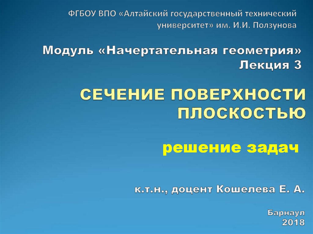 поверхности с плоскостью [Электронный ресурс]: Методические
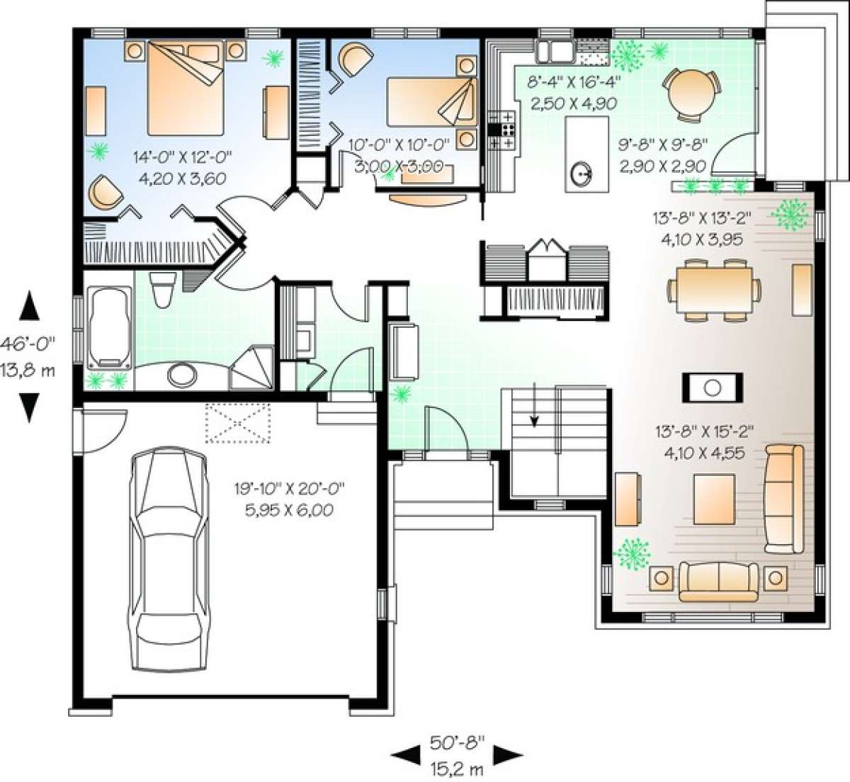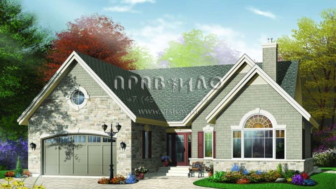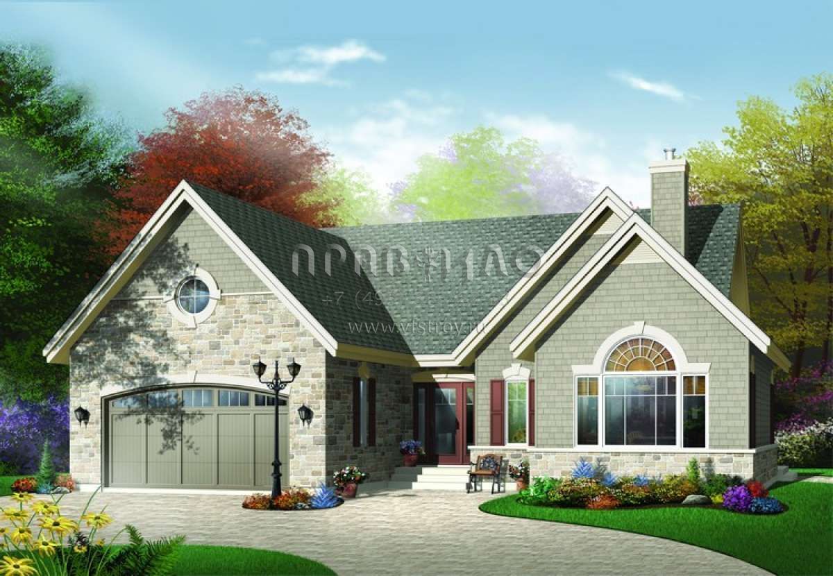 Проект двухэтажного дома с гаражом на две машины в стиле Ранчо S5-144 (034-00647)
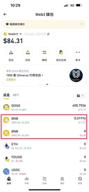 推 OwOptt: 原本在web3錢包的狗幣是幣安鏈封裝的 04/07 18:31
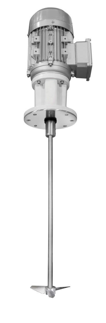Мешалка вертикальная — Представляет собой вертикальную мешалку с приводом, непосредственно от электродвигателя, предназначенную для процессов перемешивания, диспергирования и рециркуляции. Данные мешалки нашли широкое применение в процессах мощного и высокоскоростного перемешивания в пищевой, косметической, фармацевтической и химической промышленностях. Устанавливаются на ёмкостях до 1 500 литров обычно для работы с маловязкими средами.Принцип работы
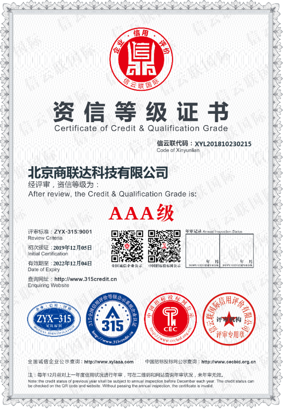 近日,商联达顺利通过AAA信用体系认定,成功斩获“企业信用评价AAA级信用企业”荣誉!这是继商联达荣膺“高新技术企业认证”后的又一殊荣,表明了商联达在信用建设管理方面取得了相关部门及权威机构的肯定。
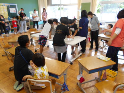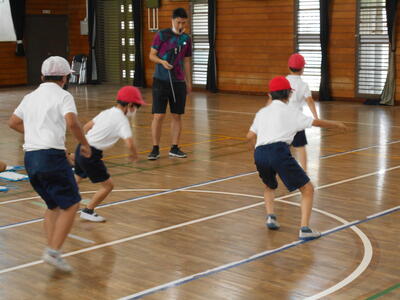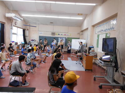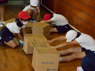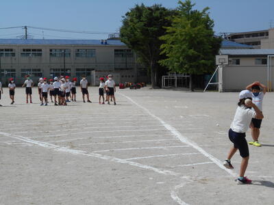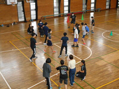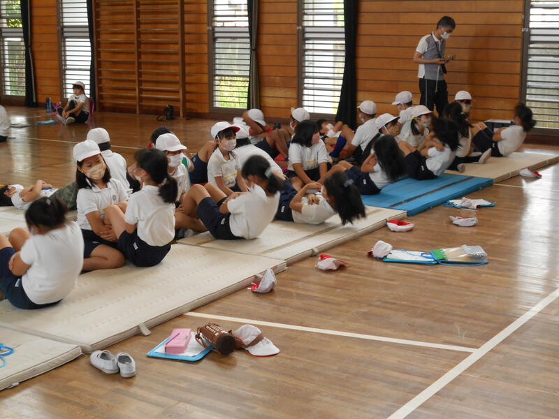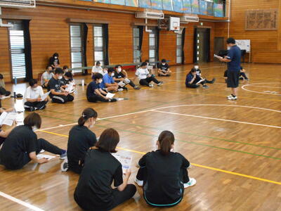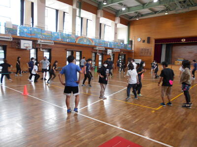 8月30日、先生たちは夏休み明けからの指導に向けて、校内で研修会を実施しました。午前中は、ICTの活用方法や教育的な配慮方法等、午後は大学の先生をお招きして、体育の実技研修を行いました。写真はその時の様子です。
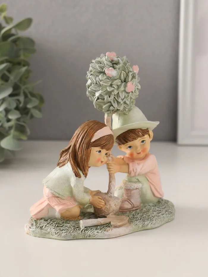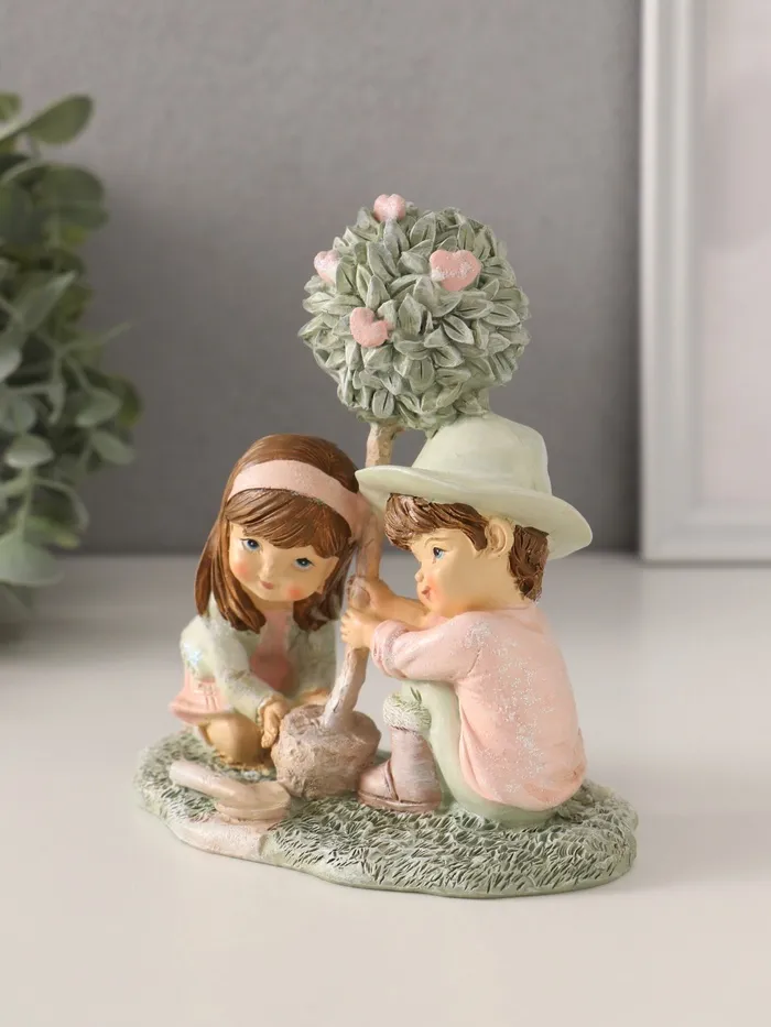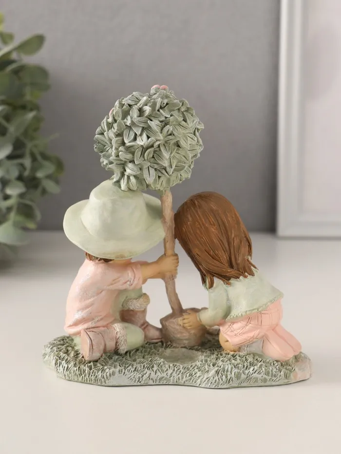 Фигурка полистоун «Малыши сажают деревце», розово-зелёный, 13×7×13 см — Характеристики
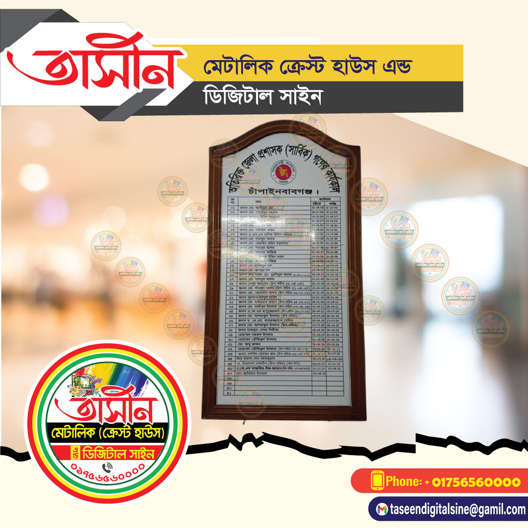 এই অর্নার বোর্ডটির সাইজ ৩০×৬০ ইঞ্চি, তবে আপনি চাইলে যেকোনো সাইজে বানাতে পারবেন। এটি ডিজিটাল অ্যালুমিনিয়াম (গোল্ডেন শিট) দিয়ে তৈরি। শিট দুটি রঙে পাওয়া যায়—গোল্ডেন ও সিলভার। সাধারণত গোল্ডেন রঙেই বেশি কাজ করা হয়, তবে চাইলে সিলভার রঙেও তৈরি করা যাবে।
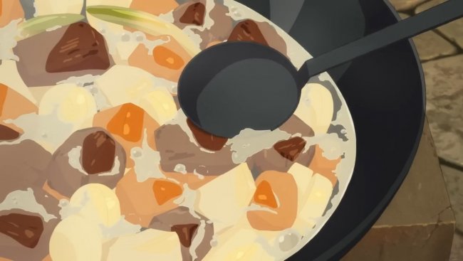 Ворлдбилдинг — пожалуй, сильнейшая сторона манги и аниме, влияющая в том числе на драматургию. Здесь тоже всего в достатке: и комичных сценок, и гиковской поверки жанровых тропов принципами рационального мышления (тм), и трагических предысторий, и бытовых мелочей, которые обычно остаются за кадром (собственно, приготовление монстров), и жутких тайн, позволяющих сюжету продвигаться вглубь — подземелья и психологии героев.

····················

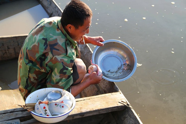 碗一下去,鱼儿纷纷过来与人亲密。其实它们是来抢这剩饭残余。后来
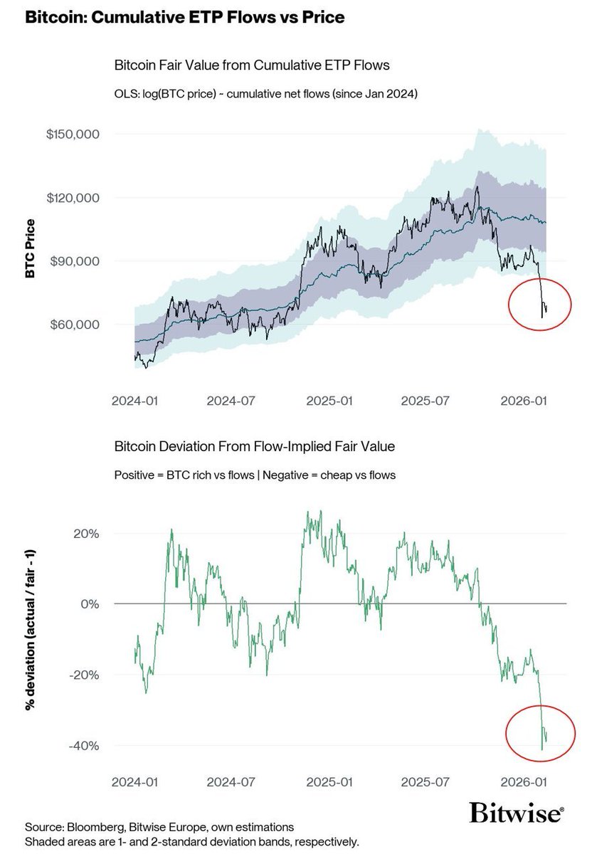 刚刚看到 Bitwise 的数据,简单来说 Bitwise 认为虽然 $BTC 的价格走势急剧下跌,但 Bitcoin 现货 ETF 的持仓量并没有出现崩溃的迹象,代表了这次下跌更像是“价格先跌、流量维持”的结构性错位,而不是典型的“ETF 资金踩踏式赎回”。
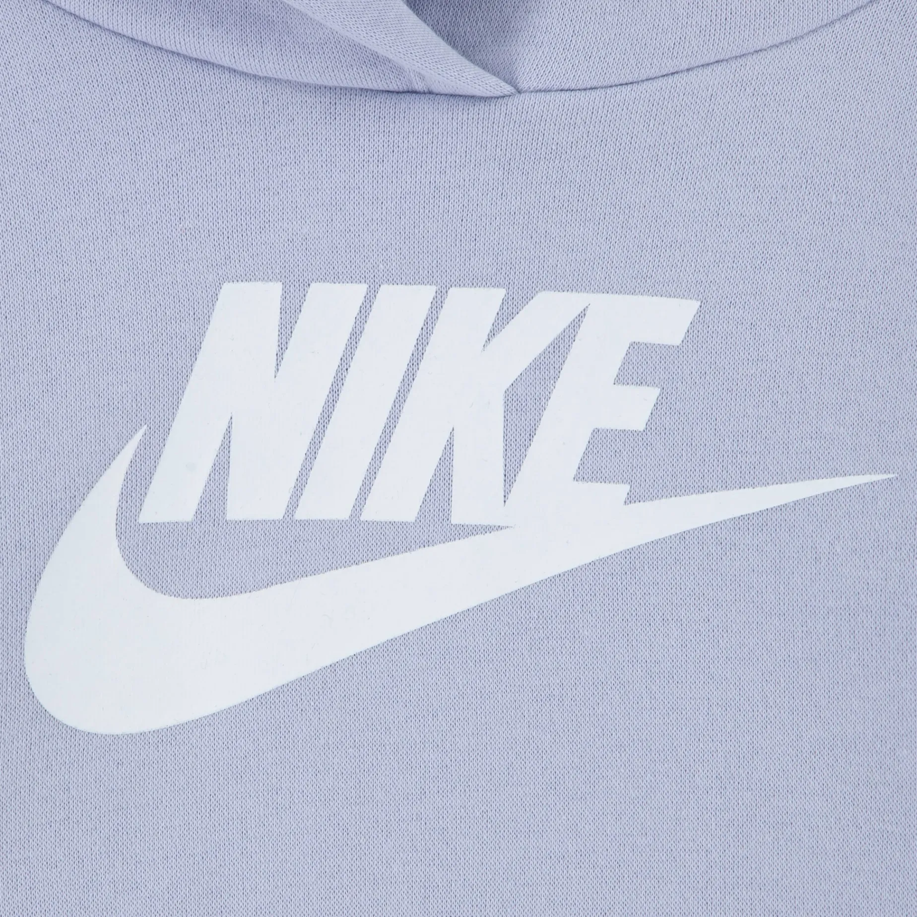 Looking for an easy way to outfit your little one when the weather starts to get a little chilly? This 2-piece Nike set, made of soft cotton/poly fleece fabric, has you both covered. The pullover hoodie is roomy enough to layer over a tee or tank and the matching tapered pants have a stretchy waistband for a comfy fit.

····················

WHAT THE TASK REQUIRES.
Above are records; repeat only the lines from the line with "近日,商联达顺利通过AAA信" through the line with "এই অর্নার বোর্ডটির", and leave pictures out.

EXERCISE OUTPUT.
 近日,商联达顺利通过AAA信用体系认定,成功斩获“企业信用评价AAA级信用企业”荣誉!这是继商联达荣膺“高新技术企业认证”后的又一殊荣,表明了商联达在信用建设管理方面取得了相关部门及权威机构的肯定。
 8月30日、先生たちは夏休み明けからの指導に向けて、校内で研修会を実施しました。午前中は、ICTの活用方法や教育的な配慮方法等、午後は大学の先生をお招きして、体育の実技研修を行いました。写真はその時の様子です。
 Фигурка полистоун «Малыши сажают деревце», розово-зелёный, 13×7×13 см — Характеристики
 এই অর্নার বোর্ডটির সাইজ ৩০×৬০ ইঞ্চি, তবে আপনি চাইলে যেকোনো সাইজে বানাতে পারবেন। এটি ডিজিটাল অ্যালুমিনিয়াম (গোল্ডেন শিট) দিয়ে তৈরি। শিট দুটি রঙে পাওয়া যায়—গোল্ডেন ও সিলভার। সাধারণত গোল্ডেন রঙেই বেশি কাজ করা হয়, তবে চাইলে সিলভার রঙেও তৈরি করা যাবে।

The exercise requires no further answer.